The risk of second primary malignancy is increased in differentiated thyroid cancer patients with a cumulative (131)I dose over 37 GBq.

Author information

1
Department of Internal Medicine, Seoul National University College of Medicine, Seoul, Korea.
2
Department of Internal Medicine, National Medical Center, Seoul, Korea.
3
Department of Internal Medicine, Chung-Ang University Hospital, Seoul, Korea.
4
Department of Internal Medicine, Dankook University Hospital, Cheonan-si, Korea.
5
Department of Nuclear Medicine, Seoul National University College of Medicine, Seoul, Korea.
6
Department of Internal Medicine, Seoul National University Boramae Medical Center, Seoul, Korea.
7
Department of Laboratory Medicine, Seoul National University College of Medicine, Seoul, Korea.

Abstract

BACKGROUND:

The aim of this study was to investigate the risk factors for second primary malignancy (SPM) diagnosed after differentiated thyroid cancer (DTC).

METHODS:

A total of 2468 DTC patients who underwent thyroidectomy were reviewed. SPM was defined as a non-thyroidal malignancy, diagnosed at least 1 year after the diagnosis of thyroid cancer. Patients were divided into five groups according to cumulative (131)I dose: very high-activity (≥ 37.0 GBq), high-activity (22.3-36.9 GBq), intermediate-activity (5.56-22.2 GBq), low-activity (1.1-5.55 GBq) and no RAI.

RESULTS:

Among the 2468 patients, 61 (2.5%) had SPMs during 7.0 (1.0-33.0) years of median follow-up.
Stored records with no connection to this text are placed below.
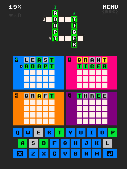 A challenging variant on everyone's favourite word game. Each grid is randomly generated so each playthrough will be unique. The game is easy to learn, but difficult to master. You'll be given a grid of four interconnecting 5 letter words. The aim is to turn the top grid green.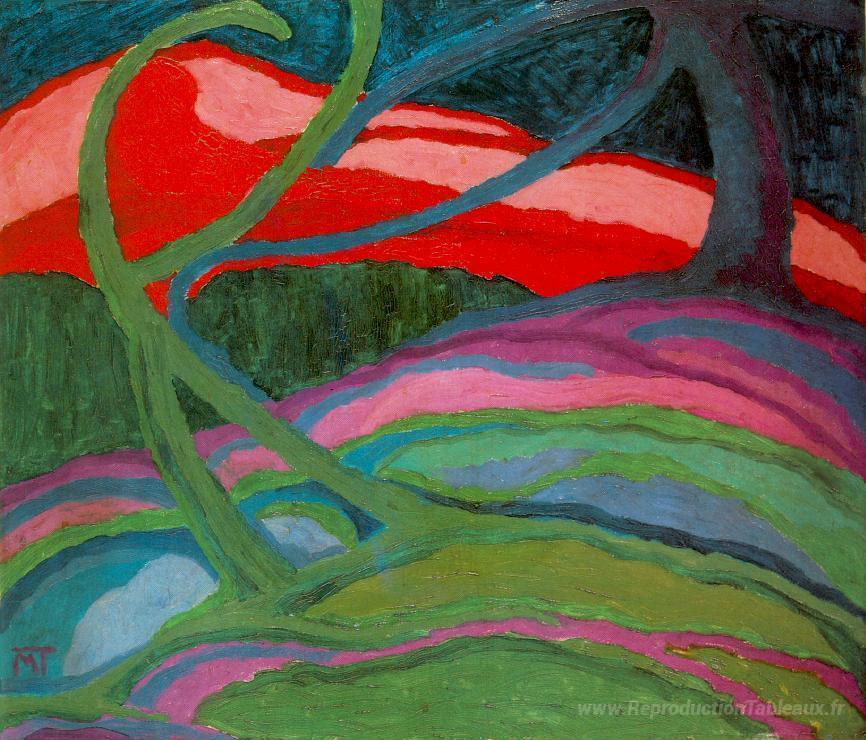 Nous vous proposons une reproduction artisanale sur toile du célèbre tableau 'Paysage aux couleurs sombres (arbres)' de Janos Mattis-Teutsch, provenant du Musée de la Reproduction.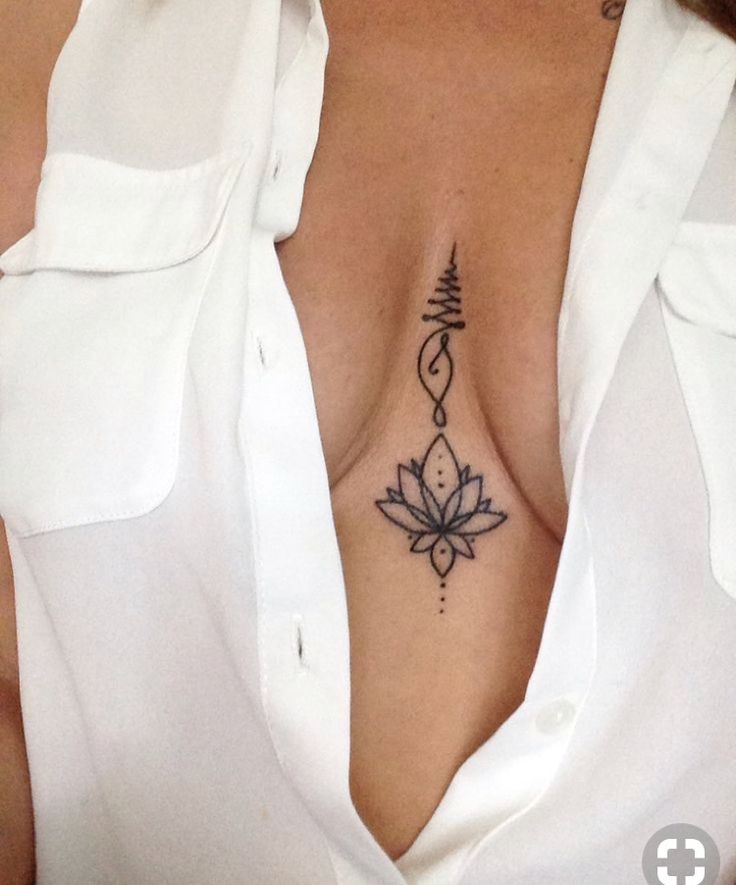 Хотя это может показаться простым, на груди оно выглядит потрясающе привлекательно. Эта татуировка подходит для женщин любого возраста, ее можно демонстрировать на любом наряде.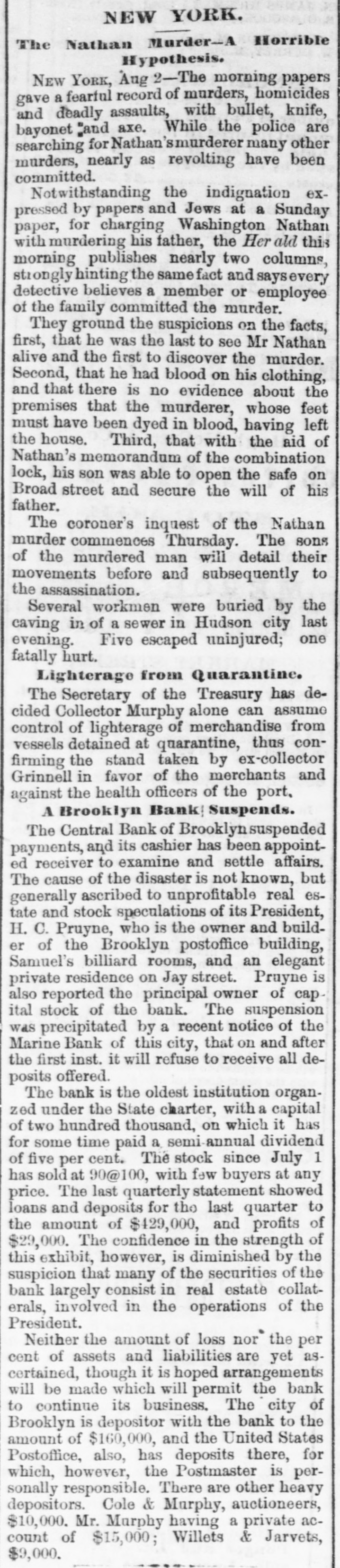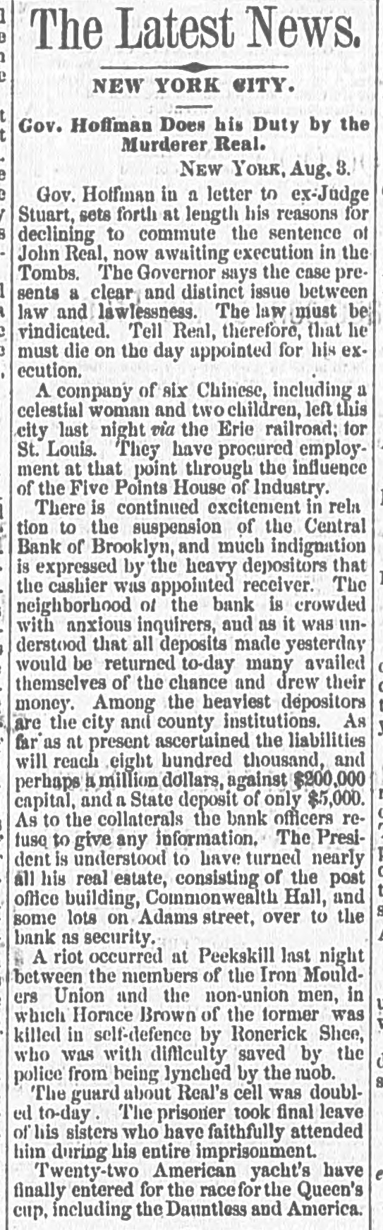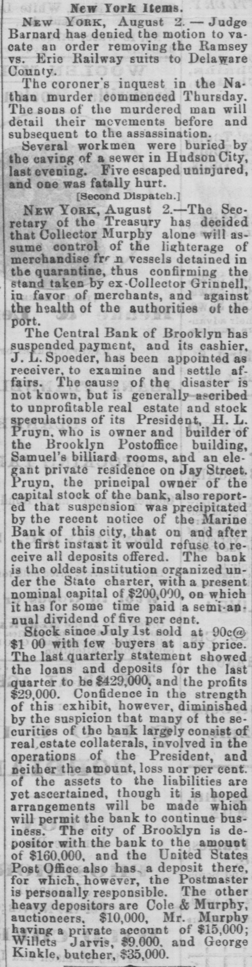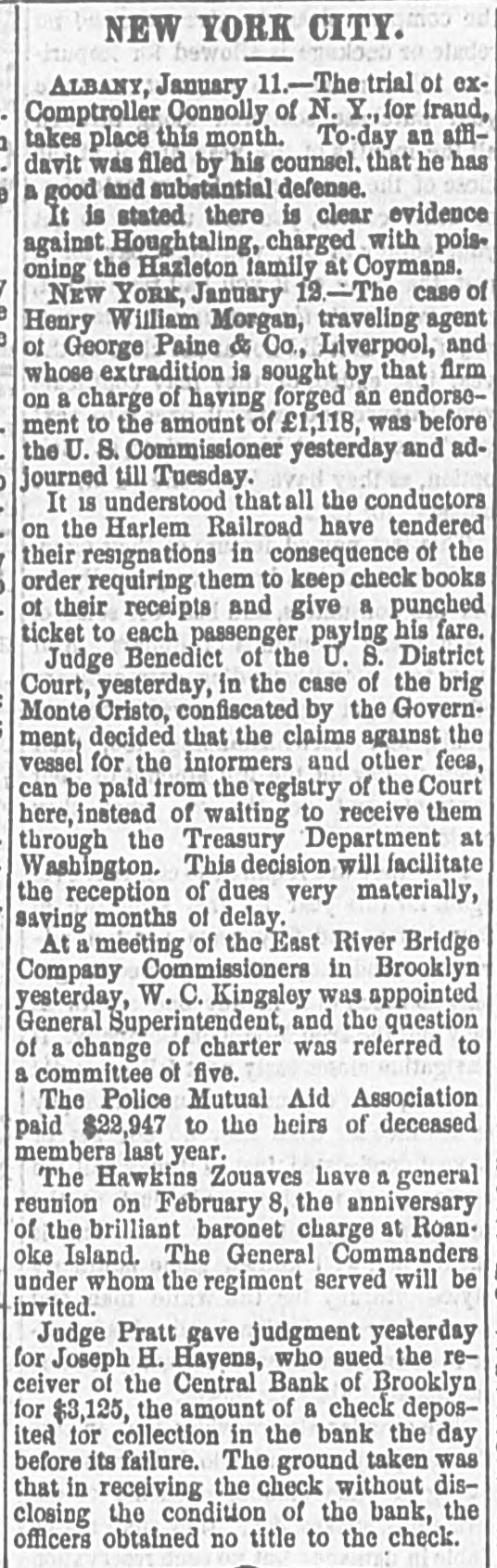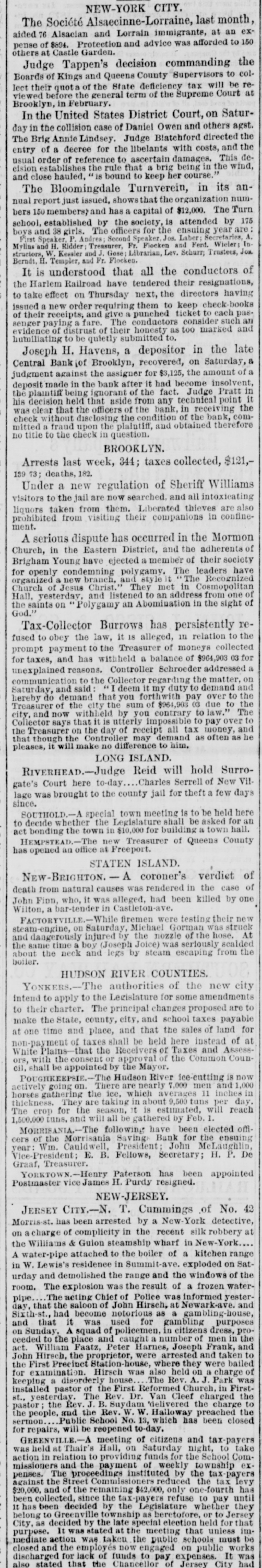 NEW-YORK CITY. The Société Alsaecinne-Lorraine, last month, aided 76 Alsacian and Lorrain immigrants, at an expense of $894. Protection and advice was afforded to 150 others at Castle Garden. Judge Tappen's decision commanding the Boards of Kings and Queens County Supervisors to collect their quota of the State deficiency tax will be reviewed before the general term of the Supreme Court at Brooklyn, in February. In the United States District Court, on Saturday in the collision case of Daniel Owen and others agst. The Brig Annie Lindsey. Judge Blatchford directed the entry of a decree for the libelants with costs, and the usual order of reference to ascertain damages. This decision establishes the rule that a brig being in the wind, and close hauled, "18 bound to keep her course." The Bloomingdale Turnverein, in its annual report just issued, shows that the organization numbers 150 members? and has a capital of $12,000. The Turn school, established by the society, is attended by 175 boys and 38 girls. The officers for the ensuing year are: First Andres; Second Speaker. Jos. Laber; Secretaries, Mylins and H. Ridder; Treasurer, Fr. Flocken and Ferd. Wieler; Instructors, Kessler and J. Gose: Librarian, Lev. Schurr; Trustees, Jos. Berndt H. Templer, and Fr. Flocken. It is understood that all the conductors of the Harlem Railroad have tendered their resignations, to take effect on Thursday next, the directors having issued a new order requiring them to keep check books of their receipts, and give punched ticket to each passenger paying fare. The conductors consider such an evidence of distrust of their honesty as too marked and humiliating to be quietly submitted to. Joseph H. Havens, a depositor in the late Central Bank (of Brooklyn, recovered, on Saturday, a judgment against the assigner for $3,125, the amount of a deposit made in the bank after it had become insolvent, the plaintiff being ignorant of the fact. Judge Pratt in his decision held that aside from any technical point it was clear that the officers of the bank, in receiving the check without disclosing the condition of the bank, committed fraud upon the plaintiff, and obtained therefore no title to the check in question. BROOKLYN. Arrests last week, 344; taxes collected, $121,139 73; deaths, 182. Under a new regulation of Sheriff Williams visitors to the jail are now searched. and all intoxicating liquors taken from them. Liberated thieves are also prohibited from visiting their companions in confinement. A serious dispute has occurred in the Mormon Church, in the Eastern District, and the adherents of Brigham Young have ejected a member of their society for openly condemning polygamy. The leaders have organized a new branch, and style The Recognized Church of Jesus Christ. They met in Cosmopolitan Hall, yesterday, and listened to an address from one of the saints on Polygamy an Abomination in the sight of God." Tax-Collector Burrows has persistently refused to obey the law, it is alleged, in relation to the prompt payment to the Treasurer of moneys collected for taxes, and has withheld a balance of $964,903 03 for unexplained reasons. Controller Schroeder addressed a communication to the Collector regarding the matter, on Saturday, and said deem it my duty to demand and hereby do demand that you forthwith pay over the Treasurer of the city the sum of $964,903 03 due to the city, and now withheld by you contrary to law." The Collector says that it utterly impossible to pay over the Treasurer on the day of receipt all tax money, and that though the Controller may demand as often as he pleases, it will make no difference to him. LONG ISLAND. RIVERHEAD.-Judge Reid will hold Surrogate's Court here to-day Charles Serrell of New Village was brought to the county jail for theft a few days since. SOUTHOLD.-A special town meeting is to be held here to decide whether the Legislature shall be asked for an act bonding the town in $10,000 for building a town hall. HEMPSTEAD.-The new Treasurer of Queens County has opened an office at Freeport. STATEN ISLAND. NEW-BRIGHTON. - A coroner's verdiet of death from natural causes was rendered in the case of John Fion, who, it was alleged, had been killed by one Wilton, a bar-tender in Castleton-ave. FACTORYVILLE-I firemen were testing their new steam-engine, on Saturday, Michael Gorman was struck and dangerously injured by the nozzle of the hose. At the same time a boy (Joseph Joice) was seriously scalded about the neck and legs by steam escaping from the boiler. HUDSON RIVER COUNTIES. YONKERS.- The authorities of the new city intend to apply to the Legislature for some amendments to their charter. The principal changes proposed are to make the State, county, city, and school taxes payable at one time and place, and that the sales of land for non-payment of taxes shall be held here instead of at White Plains-that the Receivers of Taxes and Assessors, with the consent or approval of the Common Council, shall be appointed by the Mayor. POUGHKEEPSIE.- The Hudson River ice-cutting is now actively going on. There are nearly 7,000 men and 1,000 horses gathering the ice. which averages 11 inches in thickness. They are taking in about 9,500 tuns per day. The crop for the season, it is estimated, will reach 1,500,000 tuns. and will all be gathered by Feb. 1. MORRIFANIA.-The following have been elected officers of the Morrisania Saving Bank for the ensuing year:Win. Cauldwell, President John McLaughlin, Vice-President; E. B. Fellows, Secretary; H. P. De Graaf, Treasurer. YORKTOWN.-Henry Paterson has been appointed Postmaster James H. Purdy resigned. NEW-JERSEY. JERSEY CITY.-N. T. Cummings of No. 42 Morris-st. has been arrested by a New- York detective, on a charge of complicity in the recent silk robbery at the Williams & Guion steamship wharf in New-York. A water-pipe attached to the boiler of a kitchen range in W. Lewis's residence in Summit-ave. exploded on Satfurday and demolished the range and the windows

Age above 40 years, male sex and very high-activity RAI were independent risk factors for the development of SPM. SPM-related mortality was highest in the very high-activity group, while DTC-related mortality was highest in the high-activity group. The overall mortality both from SPM and DTC was highest in the high-activity group.

CONCLUSION:

A cumulative (131)I dose <37.0 GBq did not increase the risk of SPM. A cumulative (131) I dose ≥ 37.0 GBq increased the risk of SPM and SPM-related mortality and decreased the DTC-specific mortality, resulting in a similar all-cause mortality compared with the low-activity RAI group. Using repeated high-dose RAI for treating RAI-responsive but persistent DTC patients needs careful consideration of the individual benefits from RAI vs the risk of developing SPM.

PMID:
25115234
DOI:
10.1111/cen.12581
[Indexed for MEDLINE]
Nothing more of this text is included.